I’m now in the middle of reading Wheat Belly (yes, I know Dr. Oz recommends it…whatever), and I’m telling you, this guy is on to something.  Gluten is, of course, just a huge inflammatory.  And arthritis is all about inflammation.  And Hashimoto’s is an auto-immune disease, which means it, too, is all about inflammation.  So I’m doing it.  I’m going gluten-free.

But let me back up, because it wasn’t quite that straight-forward.  I think I went through speed-laced stages of grieving, trying to reconcile my relationship with gluten in about 48 hours.  It looked something like this:

  1. Denial:  “This isn’t really that big of a deal.   I mean, people have been eating wheat for thousands of years, so how bad can it be?”  (Pretty bad, it turns out, especially considering that what we call “wheat” is nothing like what it was even 60 years ago.)  So I sat down with an enormous plate full of whole wheat pasta and enjoyed every bite.  Of course.    
  2. Anger:  “Well, this is just totally fucked!  I manage to recover from a 25-year eating disorder and a lifetime of being afraid of my body, only to get this crap thrown in my face now that I’m living a healthy life?  WTF?  First Hashimoto’s, then MTHFR, now arthritis?  No way.  No effing way!  This is not fair and I simply refuse!”
  3. Bargaining:  Well, maybe if I don’t eat gluten at home, I could eat it when I go out to dinner?  Maybe I could just reduce the amount of bread I eat?  What if I made sure I always had a big piece of protein with my pasta?  Would that counter the effects?  (Answer: nope.)
  4. Depression:  I can never go out to eat ever again in my entire life, and I’m the only person who could possibly know what this feels like, and so what that I live in Portland, Oregon in 2014, the easiest possible place and time to go gluten-free, because this is still horrible.
  5. Acceptance:  Okay, well, I don’t want to walk with a cane before I’m 45 years old.  So I guess I’m going gluten-free.

At the end of the overwrought day, gluten and I have had a dysfunctional relationship for a long time, a classic unrequited love affair: I loved it, but it just didn’t love me back.
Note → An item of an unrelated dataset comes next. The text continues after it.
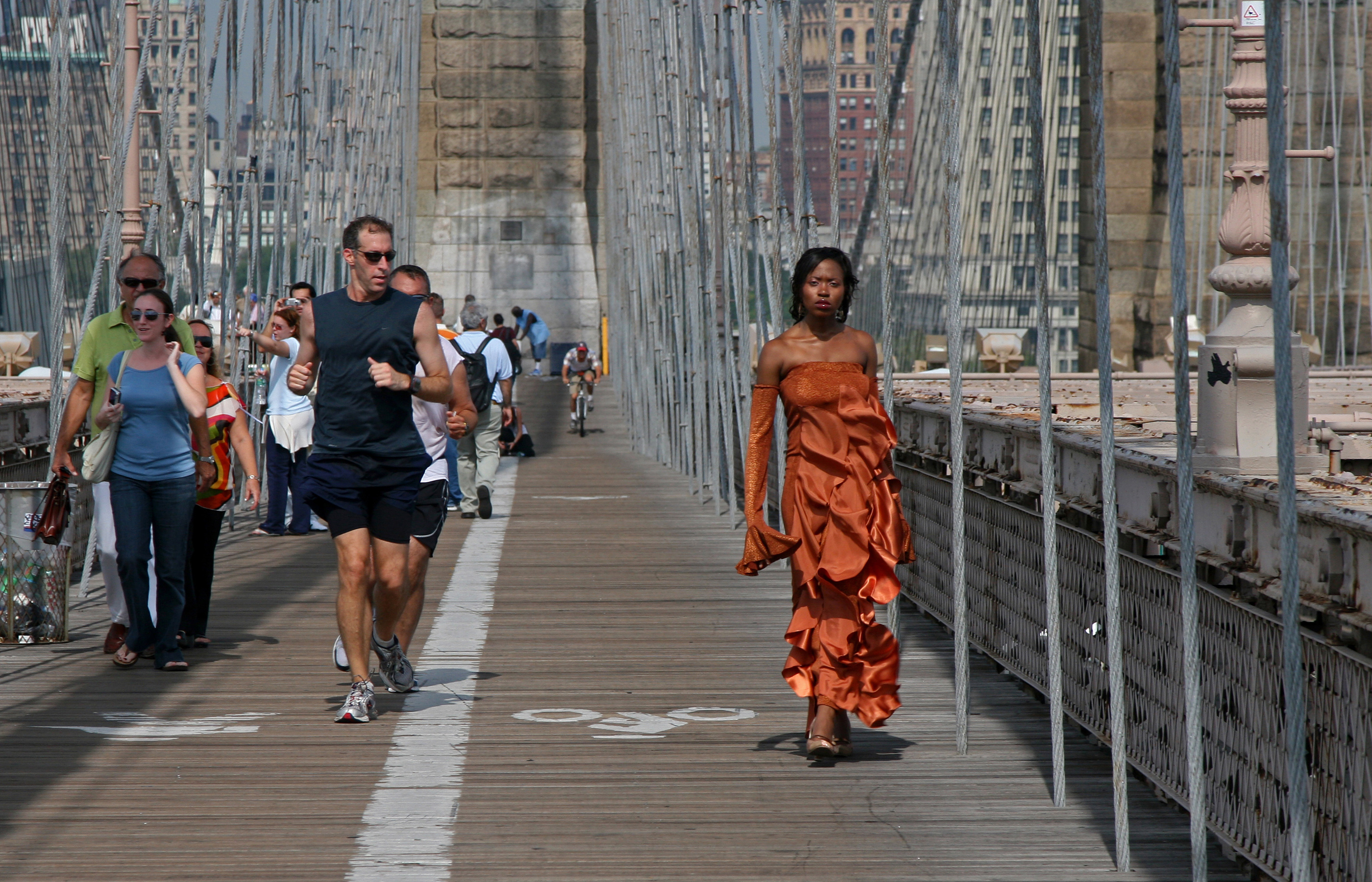 Vrouw loopt uit de pas, Brooklyn Bridge, New York City.

Or maybe it loved me, but it wasn’t in love with me.  And that’s why whenever I tried to get close with it, it hurt me.

And here’s the really weird part: I feel great.  Like, actually, really great.  My energy is through the roof, I have only had a few random moments of hip pain in the past three weeks, my mind feels clearer, my depression is under control, and I feel capable of doing whatever it takes to protect my hips and the rest of my body, to stay as mobile as possible for as long as possible.

I’m not saying that a gluten-free diet is for everyone – this is absolutely not me standing on a soapbox.  But it is me saying that it’s so important to listen to our bodies, even when they are telling us things we don’t want to hear.  And it’s so important to listen to our health care providers (not just TV doctors!), even when they are telling us things we don’t want to hear.   It’s important to be open to the options that we don’t like, because they just may be the right options for us.

And if anyone can recommend a restaurant in Portland that is both hipster-free and  gluten-free, I’m all ears!